::: Supplied records :::
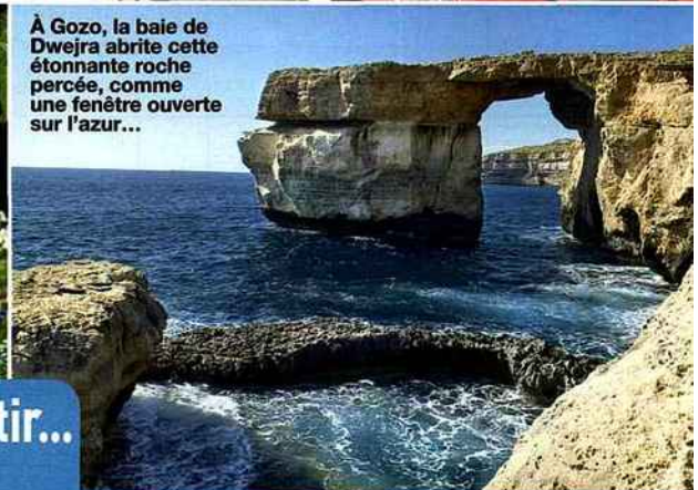
À Gozo, la baie de Dwejra abrite cette étonnante roche percée, comme une fenêtre ouverte sur l'azur...
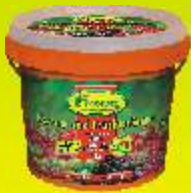
Engrais baies et fruits
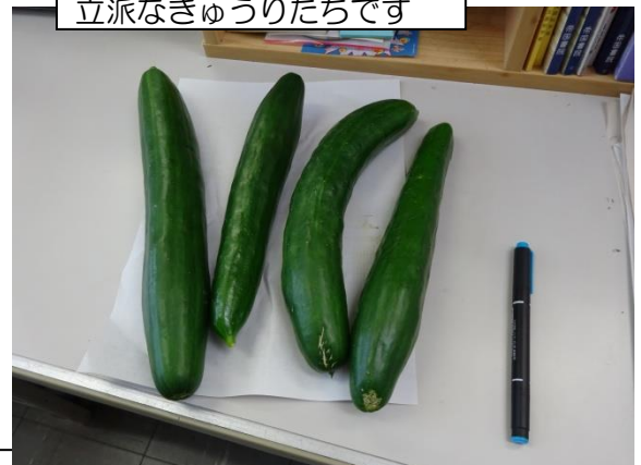
立派なきゅうりたちです
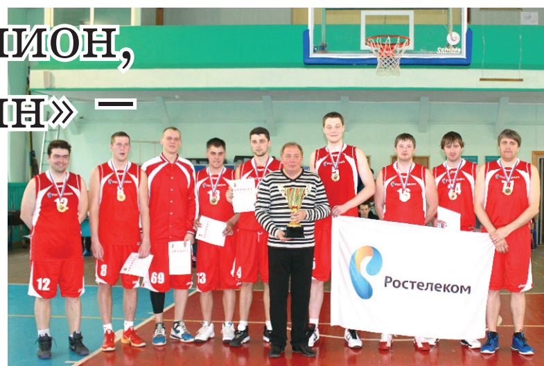
Победитель чемпионата – РОСТЕЛЕКОМ

В группе А играли «Ростелеком», «Водоканал», «Балтика» и «МегаФон», а в группе Б – «Рубин», «Газинформсервис», «Прометей» и «Газпром инвест Запад». В качестве эксперимента командам разрешалось усилиться одним игроком, не работающим в их организации. К примеру, в московской Корпоративной лиге, по Регламенту, разрешено выступать двум таким игрокам за команду. Сенсация произошла в группе А. Не проигравший до этого за два года в чемпионатах ФСО профсоюзов «Россия» ни одного матча «Ростелеком» в дополнительное время уступил кубок «Водоканалу». Интересный факт – за 40 игр регулярного чемпионата и 8 игр Кубка
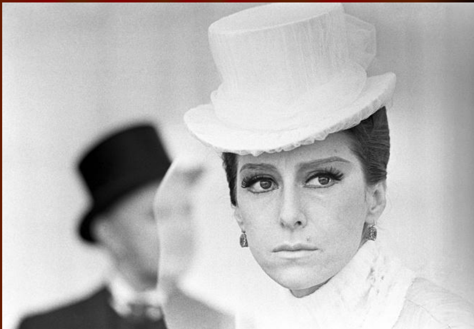
М.М.Плисецкая на съемках фильма «Анна Каренина»
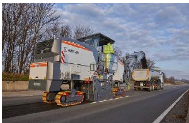
Рисунок 1 – Дорожня машина з інтелектуальною системою управління

Будівельна інтелектуальна машина є багаторівневою системою, що складається з різномірних компонентів (рис.1.).
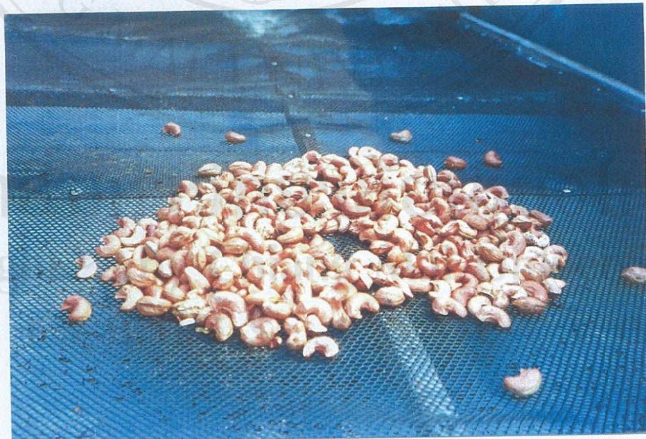
ลักษณะของเมล็ดมะม่วงหิมพานต์ที่กะเทาะเปลือกแล้ว นำมาตากแห้ง 3-5 แดด
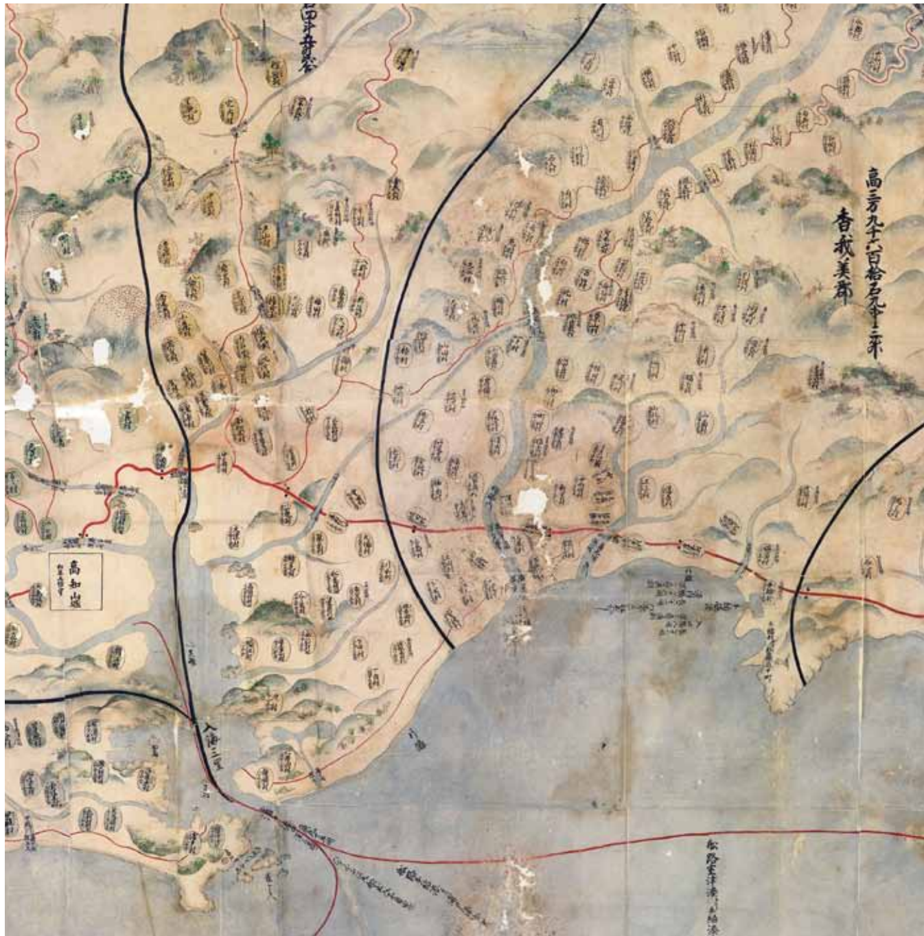
『元禄土佐国絵図』(高知市立市民図書館蔵)より、香我美郡・長岡郡・土佐郡の平野部

上記表は「土佐七郡本田新田地払帳(元禄地払帳)」(17世紀末)の石高表記による (松本瑛子編集・発行「本田新田地払帳」1980年を参考に作成)
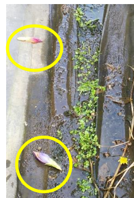
図1 花腐菌核病の多発圃場の状況 図2 通路に落ちた花蕾（翌年の発生源）
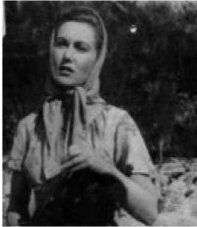
Donde comienzan los pantanos (Antonio Ver Ciani – 1952)

Son muy difíciles de olvidar los planos dedicados al cangrejal, los pajonales y las nutrias agonizando en las trampas. Estos planos contribuyen, de manera gótica, al melodrama. Al mismo tiempo, la pareja de los pantanos adquiere una valorable esfericidad. El texto de Bernárdez Jacques contiene ribetes folletinescos, a causa de una cantidad de peripecias: rapto, muerte del bebé, entierro y desentierro del mismo, huida de Paloma, encuentro de un hombre bueno que queda viudo justamente en el momento adecuado, una nueva hija, trágico e innecesario desenlace con el golpe bajo del asesinato de Paloma. Son hechos que podrían puntear una novela por entregas.
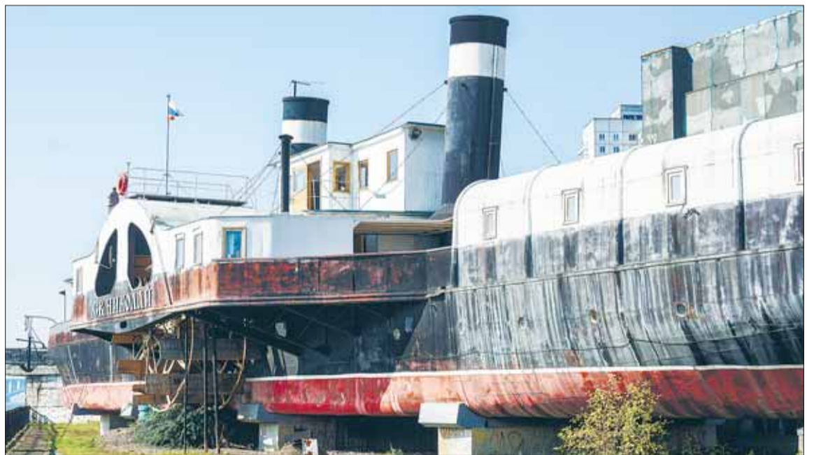
Пароход «Святитель Николай».

Набережная находится на левом берегу, рядом с центральной частью города. Она благоустроена, здесь всегда много гу-
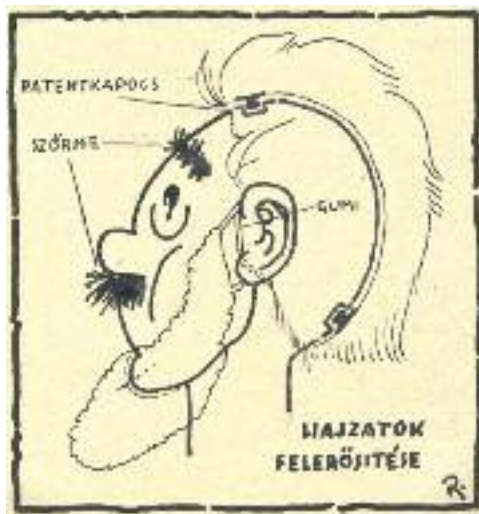
Hajzatok felerősítése, Rév István Árpád rajza, 1948.

kell a milliónek, és csak enyhén komikus bábokkal lehet kezdeni.”
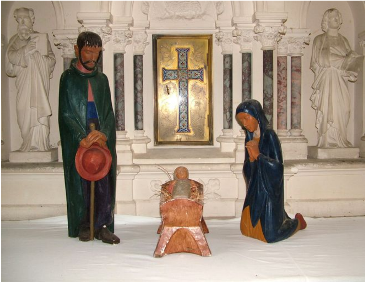
Crèche, signée F. P., plâtre polychrome, 4e quart du 20e siècle.
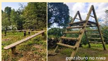
リス道・丸太のぼり (教育資材等の整備)

○机・椅子や教育資材等の整備 未就学児や小学生等が使用する県産材を積極的に活用した「机・椅子」や「教育資材」などの整備の取組
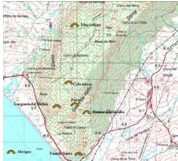
Figura 1. Mapa de la Sierra del Retín con la ubicación de los abrigos rupestres.

Tomaselli (1976) indica como después del último período glacial hubo un clima húmedo muy favorable a la formación de los bosques mediterráneos, al mismo tiempo que, a partir del Neolítico, las sociedades humanas ejercieron una fuerte influencia sobre el medio.
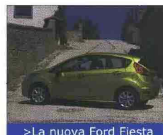
&gt; La nuova Ford Fiesta

Ormai si può dire che la General Motors è di casa a Borgo la Bagnai . La multinazionale automobilistica americana infatti ha scelto la struttura nella campagna toscana anche nel 2008 per presentare una sua macchina, la nuova Ford Fiesta, alla presenza di 1.200 giornalisti. Un ritorno alla grande, dopo che nel 2004 era stata protagonista
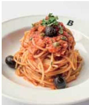
ツナとオリーブのプッタネスカ Tuna and Olive Puttanesca
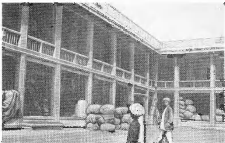
Караван-сарай в Кабуле.
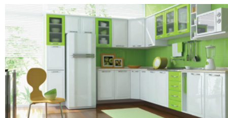
Móveis de aço, utensílios domésticos e eletrodomésticos
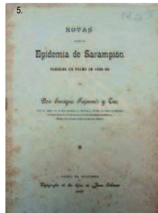
2. Desarrollo de la población de Calviá. Desde su origen hasta nuestros días –siglos XIII al XIX—. Biblioteca Fundación Bartolomé March / 3. Estudios sobre la historia de medicina en el Reino de Mallorca. Biblioteca Fundación Bartolomé March / 4. La Necrópolis de Palma. Biblioteca Fundación Bartolomé March / 5. Notas sobre la epidemia de sarampión padecida en Palma de Mallorca en 1895–96 Biblioteca Fundación Bartolomé March.

signat diputat provincial, càrrec que abandonà el 1928. Morí a Eivissa el 1934, deixant inèdita una Historia del Correo en las Islas Baleares .
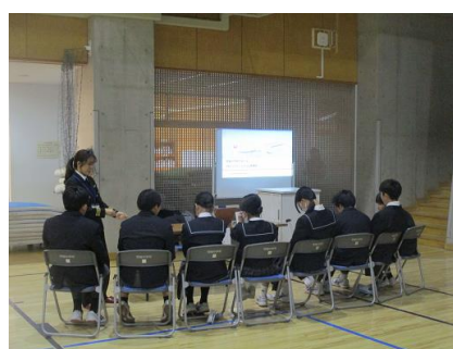
航空 パイロットのブース
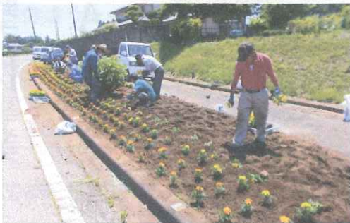
花苗は足りるかな？
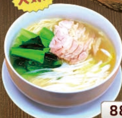
人気!! 鶏ネギ塩ラーメン
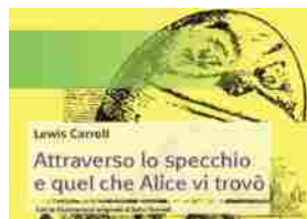
“Attraverso lo specchio” antesignano dei romanzi scacchistici
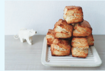
かりかりスコーンの販売
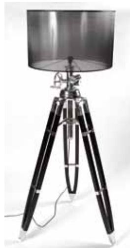
Lampe Royal Alu 220 volts (h. 182cm) - 165€
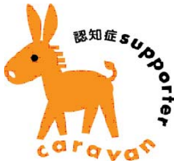
▲イメージキャラクター

キャンペーンの一環である「認知症サポーター100万人キャラバン」では、認知症を正しく理解し、認知症の方や家族を見守る、「認知症サポーター」を養成し、サポーターの輪を広め、安心して暮らせる町づくりを目的として活動が展開されています。
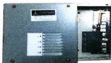
PANEL DE BREAKER DE 4 A 8 CIRCUITOS
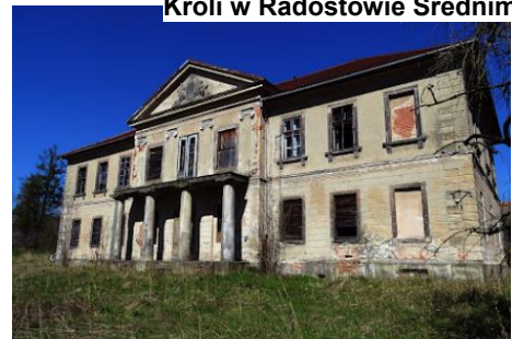
Fotografia 6. Widok na pałac w Jałowcu.

Zespół nieużytkowany w złym stanie technicznym.
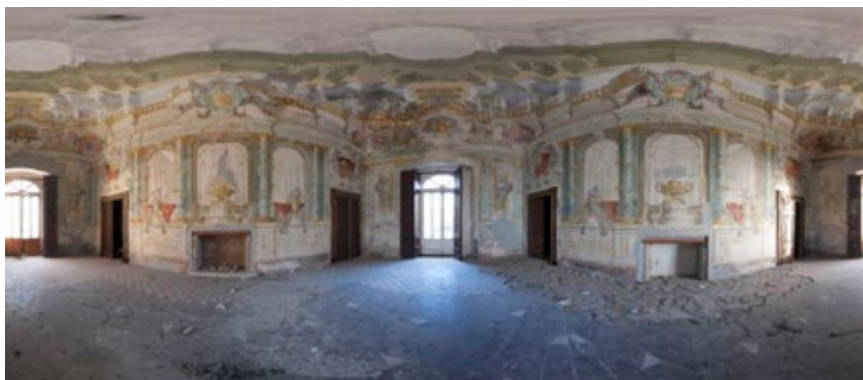
Figura 1. Panorama sferico (proiezione equirettangolare) del salone della Villa del Cardinale (NIKON D60, Focale 8 mm, ISO 100, 17 scatti, dimensione 8000 x 4000 px)
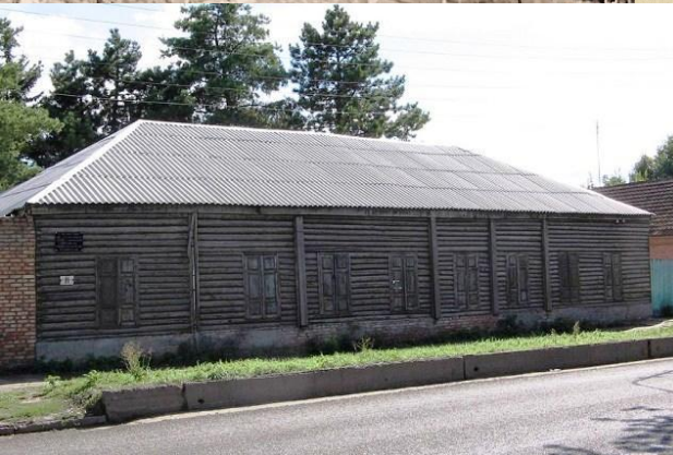
Георгиевск. № 2. Городица Урала, улица Базарной площади и Пятигорской ул.
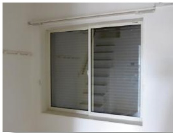
シャッター カーテンレール
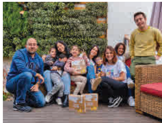
Buena acogida: La CEO y cofundadora afirma que "somos una comunidad aún pequeña, pero el 'feedback' que estamos recibiendo es muy positivo. Los padres destacan que "les permite tener tiempo de calidad en familia, al ser un proceso divertido".

Sobre las trabas que dificultan el emprendimiento, la CEO de WoWplay apunta a factores como la dificultad para conciliar, la financiación y la carga de tareas.
:::
_Task prompt:_ Copy exactly the material above from the line with "Победитель чемпионата – РОСТЕЛЕКОМ" to the line with "Hajzatok felerősítése, Rév", ends included, and nothing else. Leave out any picture.

_Your response:_
Победитель чемпионата – РОСТЕЛЕКОМ

В группе А играли «Ростелеком», «Водоканал», «Балтика» и «МегаФон», а в группе Б – «Рубин», «Газинформсервис», «Прометей» и «Газпром инвест Запад». В качестве эксперимента командам разрешалось усилиться одним игроком, не работающим в их организации. К примеру, в московской Корпоративной лиге, по Регламенту, разрешено выступать двум таким игрокам за команду. Сенсация произошла в группе А. Не проигравший до этого за два года в чемпионатах ФСО профсоюзов «Россия» ни одного матча «Ростелеком» в дополнительное время уступил кубок «Водоканалу». Интересный факт – за 40 игр регулярного чемпионата и 8 игр Кубка
М.М.Плисецкая на съемках фильма «Анна Каренина»
Рисунок 1 – Дорожня машина з інтелектуальною системою управління

Будівельна інтелектуальна машина є багаторівневою системою, що складається з різномірних компонентів (рис.1.).
ลักษณะของเมล็ดมะม่วงหิมพานต์ที่กะเทาะเปลือกแล้ว นำมาตากแห้ง 3-5 แดด
『元禄土佐国絵図』(高知市立市民図書館蔵)より、香我美郡・長岡郡・土佐郡の平野部

上記表は「土佐七郡本田新田地払帳(元禄地払帳)」(17世紀末)の石高表記による (松本瑛子編集・発行「本田新田地払帳」1980年を参考に作成)
図1 花腐菌核病の多発圃場の状況 図2 通路に落ちた花蕾（翌年の発生源）
Donde comienzan los pantanos (Antonio Ver Ciani – 1952)

Son muy difíciles de olvidar los planos dedicados al cangrejal, los pajonales y las nutrias agonizando en las trampas. Estos planos contribuyen, de manera gótica, al melodrama. Al mismo tiempo, la pareja de los pantanos adquiere una valorable esfericidad. El texto de Bernárdez Jacques contiene ribetes folletinescos, a causa de una cantidad de peripecias: rapto, muerte del bebé, entierro y desentierro del mismo, huida de Paloma, encuentro de un hombre bueno que queda viudo justamente en el momento adecuado, una nueva hija, trágico e innecesario desenlace con el golpe bajo del asesinato de Paloma. Son hechos que podrían puntear una novela por entregas.
Пароход «Святитель Николай».

Набережная находится на левом берегу, рядом с центральной частью города. Она благоустроена, здесь всегда много гу-
Hajzatok felerősítése, Rév István Árpád rajza, 1948.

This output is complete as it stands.